Stage 5: for Iteration Loop

In this stage, the para (for) structure is introduced, offering compact syntax to initialize, evaluate, and update control variables in a single line, facilitating traversal of vector elements.

New Technical Features

• para Loop Logic: The virtual machine can now manage four distinct code blocks for a single statement: initialization, stop condition, increment/decrement step, and loop body.
• Pointer Management in VM: A para() function was implemented in the execution engine that saves the program counter to correctly alternate between condition evaluation and step execution.
• Expanded Grammar: The parser (vectores.y) includes new precedence rules and semicolon handling to separate the three sections of the para loop.

para Loop Syntax

Structure	Description
para (initialization; condition; step) { body }	Executes initialization once, repeats the body while the condition is true, and executes the step after each iteration.

Code Example

>>> A = [0, 0]
>>> para (i = 1; i <= 3; i = i + 1) {
...   A = A + [i, i]
...   imprimir(A)
... }
[1, 1]
[3, 3]
[6, 6]

Stage 5 Structure

• vectores.y: Grammar with support for the PARA token and loop construction rules.
• maquina.c: Implementation of the machine instruction para() that controls execution flow.
• inicializacion.c: Registration of the reserved word para in the symbol table.
• vectores.c: Low-level operations for vectors (addition, subtraction, cross product, norm).
• simbolo.c: Dynamic management of the symbol table for variables and functions.
• Makefile: Compilation script to generate the final binary.
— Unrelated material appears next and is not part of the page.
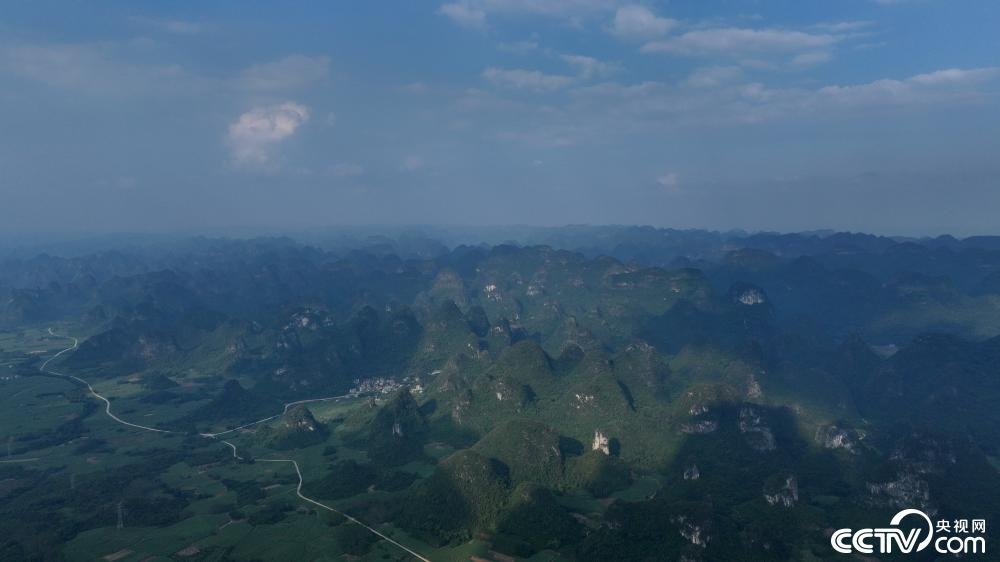10月11日,广西柳州融安县沙子乡,连绵起伏的山峦被秋意晕染,层林尽染间尽显原生态之美,宛如一幅立体的“千里江山图”。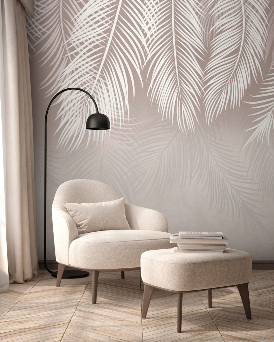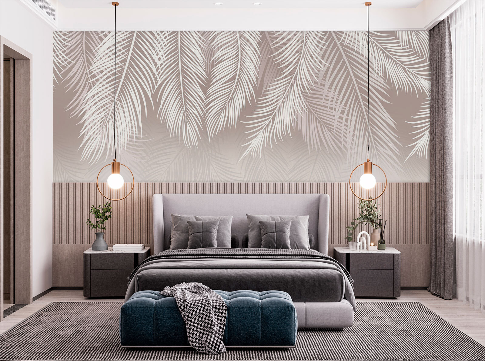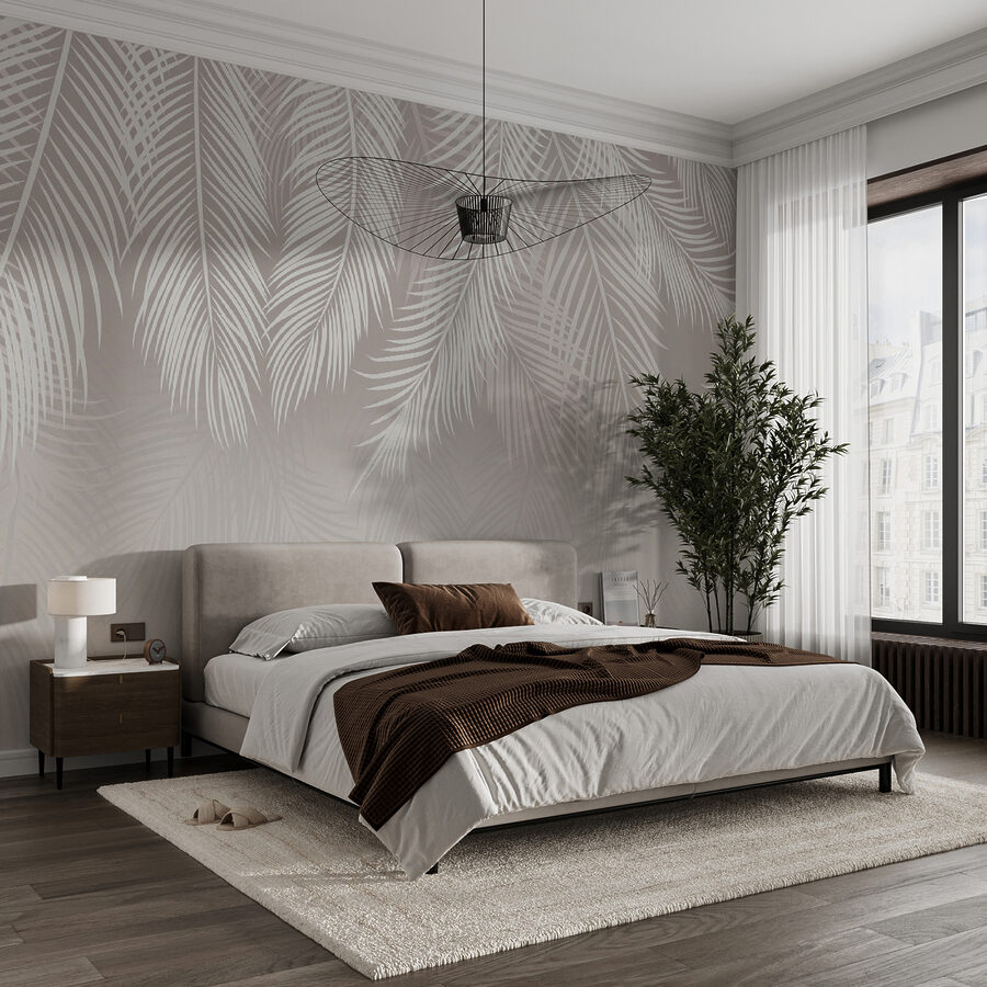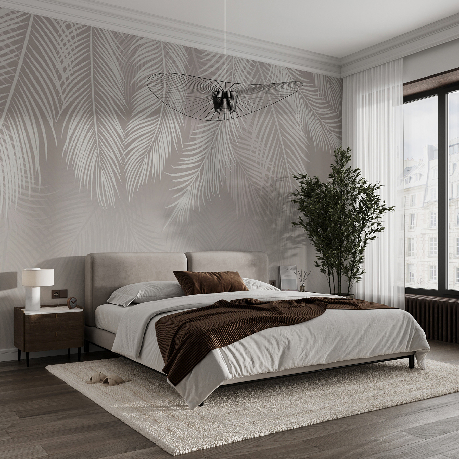 Trasformate il vostro spazio con questo elegante murale con motivo a foglie di palma, una miscela perfetta di tranquillità e stile. Immaginate di entrare in una stanza che sussurra relax ad ogni sguardo. Le foglie morbide e sottili creano uno sfondo rilassante, come se si entrasse in un sereno paradiso tropicale senza uscire di casa. È come avere una mini-vacanza direttamente sulla parete di casa. Gli amici potrebbero chiedervi se avete installato una finestra su un giardino lussureggiante. Perfetto per un accogliente angolo lettura o un vivace salotto, questo murale porta una ventata di aria fresca e un tocco di natura all’interno della casa.

Stage 6: Subroutines and Modularity

The final stage introduces code abstraction through user-defined functions and procedures, allowing the creation of custom vector operation libraries.

New Technical Features

• Stack Frames: A frame stack (Marco) was implemented to manage the context of each call, storing the return point and arguments.
• Dynamic Definition: Use of reserved words funcion and procedimiento (or their aliases func and proc) to register new code blocks in the symbol table.
• Argument Passing: Access to parameters through the syntax $n (e.g., $1, $2), managed dynamically during execution.
• Return Statements: Implementation of retornar to return values from functions or exit procedures prematurely.

Subroutine Syntax

Type	Syntax	Description
Function	func name() { ... retornar exp }	Subroutine that must return a value mandatorily.
Procedure	proc name() { ... }	Code execution subroutine without a return value.
Arguments	$1, $2, ... $n	Local variables representing the passed parameters.

Advanced Code Example

# Definition of a function to calculate double a vector
>>> func doble() { 
...   retornar $1 * 2 
... }

# Using the function
>>> unVector = [1, 2]
>>> otroVector = doble(unVector)
>>> imprimir(otroVector)
[2, 4]

# Procedure with iteration
>>> proc saludo() {
...   para (i = 0; i < 3; i = i + 1) {
...     imprimir("Hola", i)
...   }
... }
>>> saludo()
Hola 0
Hola 1
Hola 2

Stage 6 Structure

• maquina.c: Implementation of the execution cycle, data stack management, and function frame stack.
• simbolo.c: Symbol table management for variables, predefined functions, and user-defined functions.
• inicializacion.c: Registration of reserved words (si, para, func, retornar) and constants.
• vectores.c: Core engine for vector mathematical operations (addition, cross product, norm).
• vectores.h: Global definitions of Vector, Datum, Instruction, and Marco structures.

Compilation and Execution

The project uses a Makefile to automate the binary build and parser file generation.

Requirements

• GCC: C compiler.
• Bison: Syntactic analyzer generator (LALR).
• Make: Compilation automation tool.
• Math Library: The project requires linking to the standard math library (-lm) for norm calculations.

Instructions

1. Compile the project: By executing the following command, the vectores.y file will be processed with Bison and the C modules will be compiled.

   make

2. Run the interpreter: Once the binary is generated, you can start the command-line interface:

   ./vectores

3. Clean generated files: To remove object files, the executable, and source code generated by Bison:

   make clean